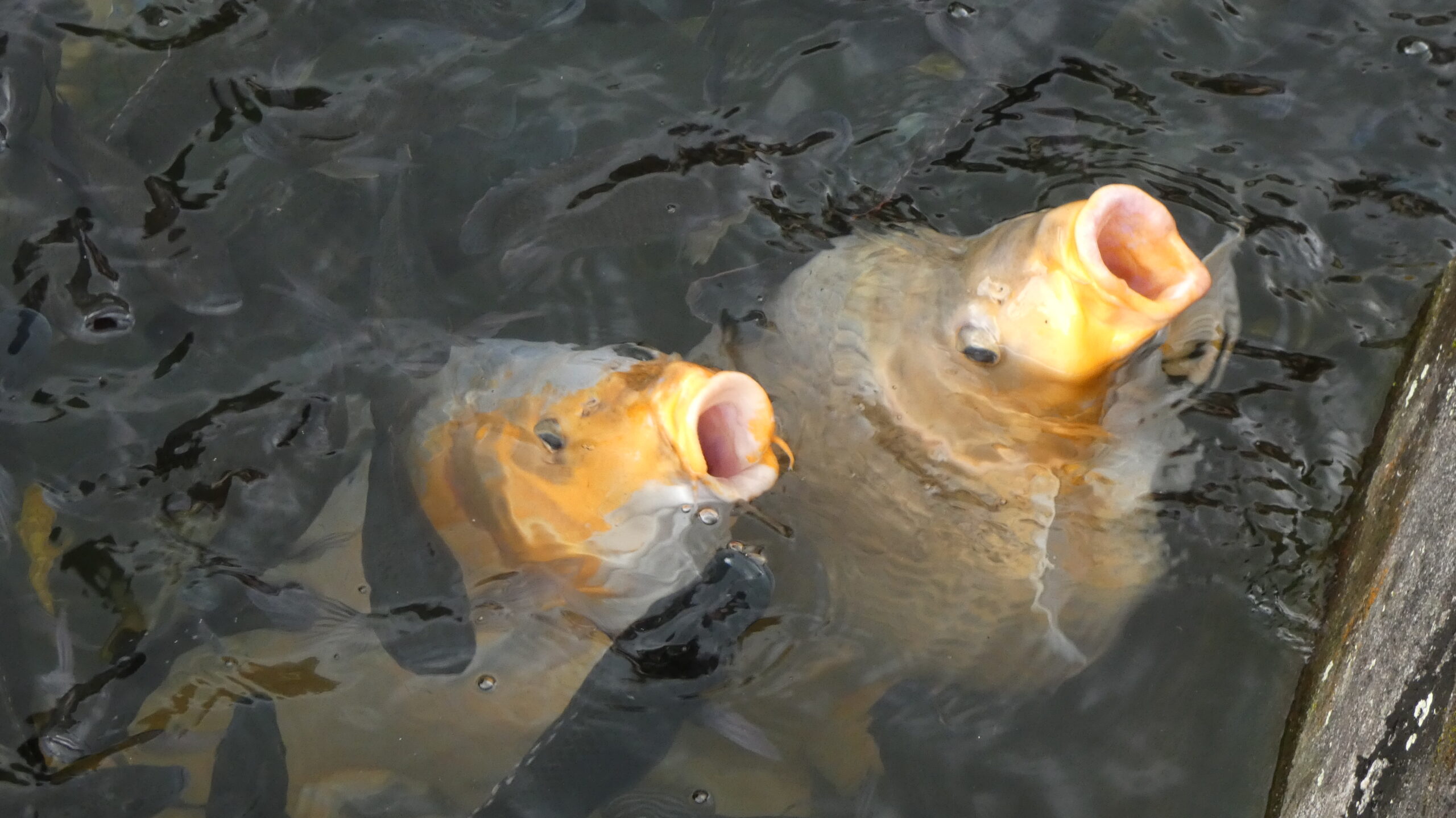 Le parc est orné de multiples statues bordant les allées ou émergeant des bassins. Partout des carpes géantes réclament les granulés vendus à l’entrée.
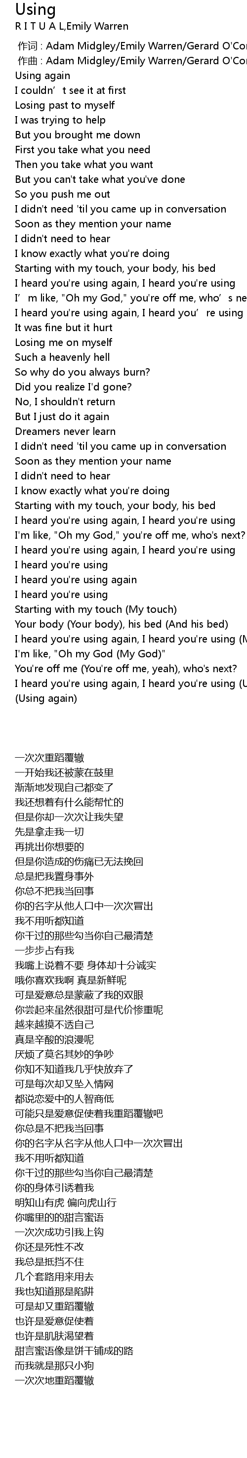| [02:52.21] | I heard you're using again, I heard you're using (Using again) |
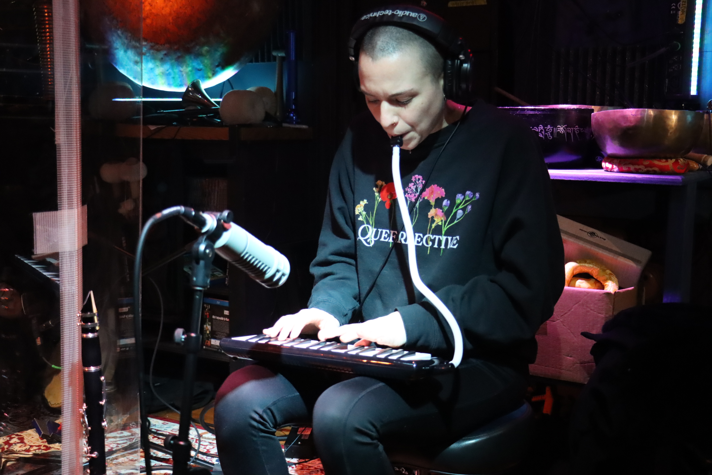 Kelsey Gallagher – clarinet, mouthpiece & barrel, melodica, xylophone, balafon, seed pod rattles, shaker, Tibetan bowls, almglocken, balafon, orchestral anvils, moog subsequent, novation peak, Linnstrument controllers, nord stage 3, drone boxes, triangle chimes, lfo percolator, log drums, wood & temple blocks, brontosaurus & tank bells, glockenspiel, crotales, 17 string bass, syntrx
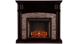 The Emery convertible media fireplace serves as the ideal warm and enchanting entertainment console, beneath a wall mounted TV. Classical carving and a deep ebony finish conceal the flip down media shelf.
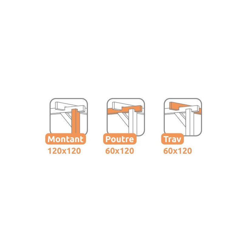 La pérgola incluye 4 postes verticales de sección 12 x 12, vigas portantes de 6 x 12 y 6 travesaños de 6 x 12 para una excelente resistencia.
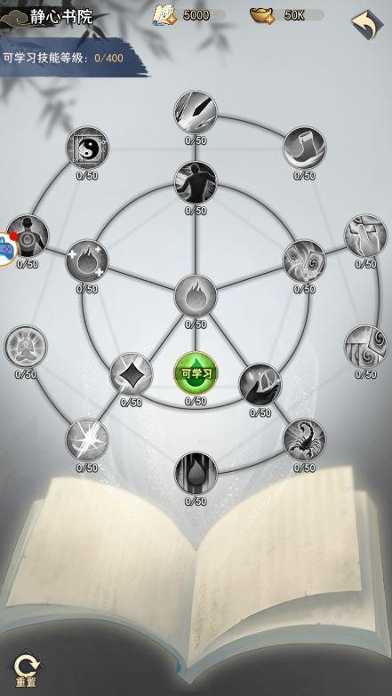 可以通过花费元宝重置学习的书院技能,并返还所有投入的材料
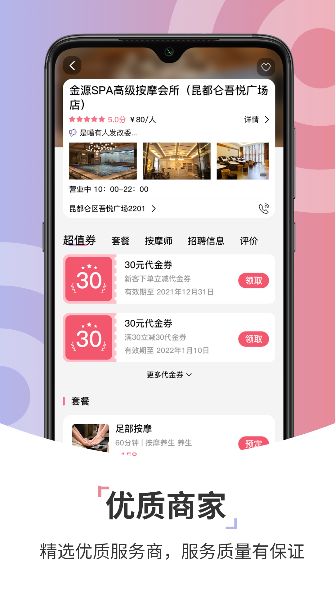 方便好用的生活APP!打造智慧生活,幸福养生的生活服务APP。提供包括上门按摩、足疗、SPA、养生、小儿推拿、康复治疗、理疗、艾灸、刮痧、拔罐、修脚、采耳、脏腑调理、精油开背、脊柱校正、颈椎病治疗、失眠改善、肩周炎治疗、落枕推拿等服务,康养智家提供专业的技师资质认证信息,真实的消费者评价。
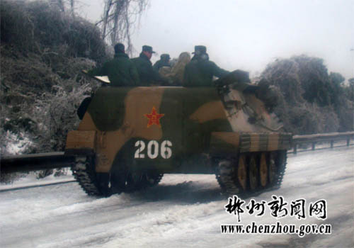1月28日,剛剛從長(zhǎng)沙開(kāi)完兩會(huì)返郴的市委副書記、市長(zhǎng)戴道晉馬不停蹄地趕到京珠高速,看望受困人員,并現(xiàn)場(chǎng)指揮交通疏導(dǎo)和救援行動(dòng)。在京珠高速良田服務(wù)區(qū),戴道晉召開(kāi)現(xiàn)場(chǎng)辦公會(huì),他要求負(fù)責(zé)交通疏導(dǎo)的人員一定要堅(jiān)守職責(zé),要在最短的時(shí)間內(nèi)確保被困在高速路上的人員及時(shí)疏散。同時(shí),湖南省郴州軍分區(qū)動(dòng)用裝甲車碾冰。
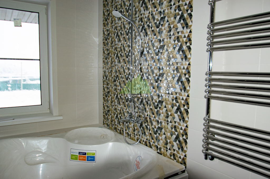 - Монтаж сантехники и оборудования: Установка ванны, раковины, унитаза и душевого оборудования производилась с учётом всех технологических нюансов. Особое внимание уделялось герметизации всех примыканий сантехники к плитке с использованием высококачественного санитарного силикона, предотвращающего протечки и появление грибка. Экран под ванной был выполнен из влагостойкого гипсокартона и также облицован плиткой, создавая единый, завершенный образ.
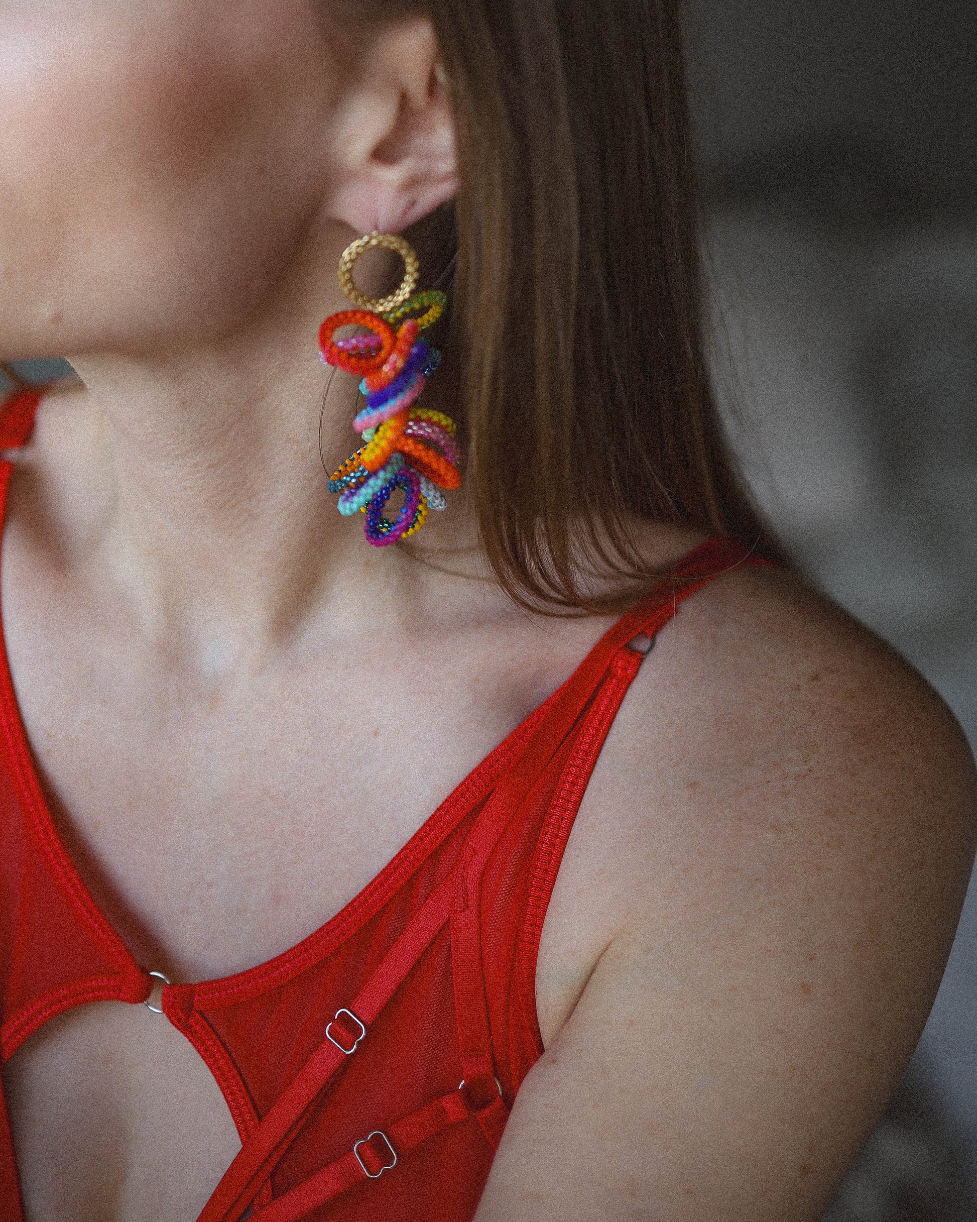 Bold, vibrant, and full of movement, these statement earrings from the Pride Collection are a celebration of individuality and joy. Each earring is meticulously handwoven using high-quality Miyuki seed beads, creating intricate loops in a full spectrum of rainbow colors. The playful design dances with every movement, making these earrings a true standout piece.
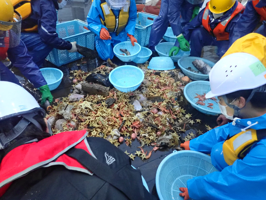 桁網で獲れた漁獲物を選別中。
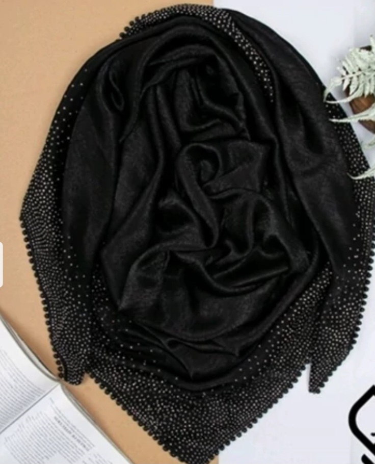 روسری مشکی فول نگین شیک ریزش نگین نداره قیمت مناسب جنس فوق العاده عالی 💖 بسیار کاربردی 💖 جنس عالی 💖مقاوم در برابر شستشو
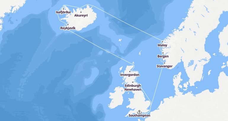 Itinerary: Southampton, Fun day at sea, Edinburgh Newhaven, Invergordon, Fun day at sea, Reykjavík, Reykjavík, Isafjörður, Akureyri, Fun day at sea, Maloy, Bergen, Stavanger, Fun day at sea, Southampton
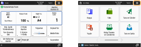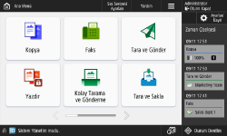 <Ana Menü> ekranında kopyalama, fakslama ve tarama gibi temel fonksiyonlara erişebileceğiniz Temel Özellikler ekranını görüntülemek için fonksiyon düğmelerine basın. Temel Özellikler ekranındaki ekran ve ayar öğeleri fonksiyonlara bağlı olarak farklılık gösterse de ayarları gereksinimlerinize uyacak şekilde değiştirebilirsiniz. Temel Özellikler Ekranının Özelleştirilmesi
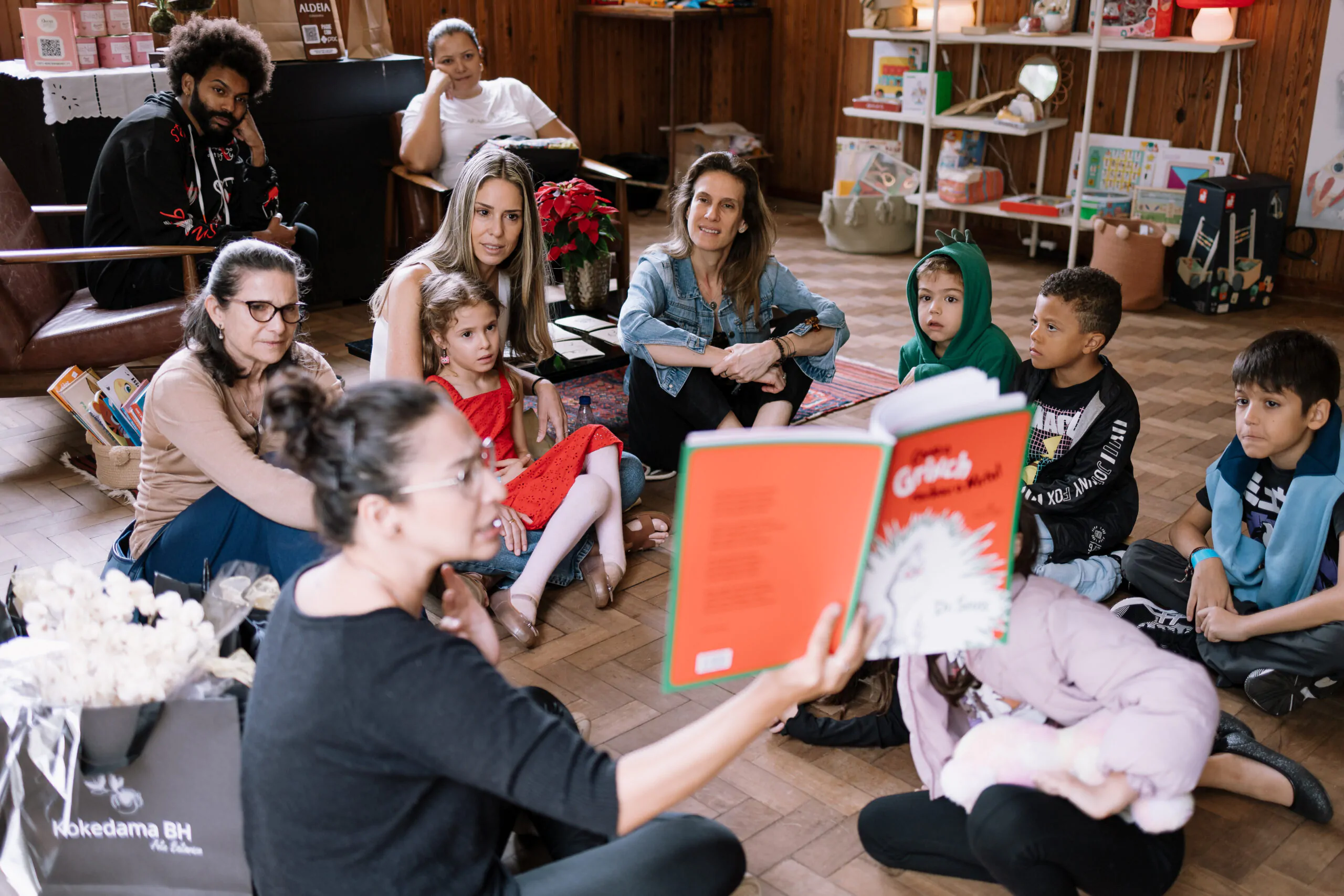 Uma sessão interativa onde as crianças ouvem uma história natalina enquanto constroem cenários e personagens com peças de Lego, tornando a narrativa ainda mais envolvente.

........

| WHAT YOU WILL DO |
The lines from the start of the records above through the line that holds "方便好用的生活APP!打造智" are to be copied exactly, both ends included, and no pictures are to be copied.

| THE ANSWER |
 Le parc est orné de multiples statues bordant les allées ou émergeant des bassins. Partout des carpes géantes réclament les granulés vendus à l’entrée.
| [02:52.21] | I heard you're using again, I heard you're using (Using again) |
 Kelsey Gallagher – clarinet, mouthpiece & barrel, melodica, xylophone, balafon, seed pod rattles, shaker, Tibetan bowls, almglocken, balafon, orchestral anvils, moog subsequent, novation peak, Linnstrument controllers, nord stage 3, drone boxes, triangle chimes, lfo percolator, log drums, wood & temple blocks, brontosaurus & tank bells, glockenspiel, crotales, 17 string bass, syntrx
 The Emery convertible media fireplace serves as the ideal warm and enchanting entertainment console, beneath a wall mounted TV. Classical carving and a deep ebony finish conceal the flip down media shelf.
 La pérgola incluye 4 postes verticales de sección 12 x 12, vigas portantes de 6 x 12 y 6 travesaños de 6 x 12 para una excelente resistencia.
 可以通过花费元宝重置学习的书院技能,并返还所有投入的材料
 方便好用的生活APP!打造智慧生活,幸福养生的生活服务APP。提供包括上门按摩、足疗、SPA、养生、小儿推拿、康复治疗、理疗、艾灸、刮痧、拔罐、修脚、采耳、脏腑调理、精油开背、脊柱校正、颈椎病治疗、失眠改善、肩周炎治疗、落枕推拿等服务,康养智家提供专业的技师资质认证信息,真实的消费者评价。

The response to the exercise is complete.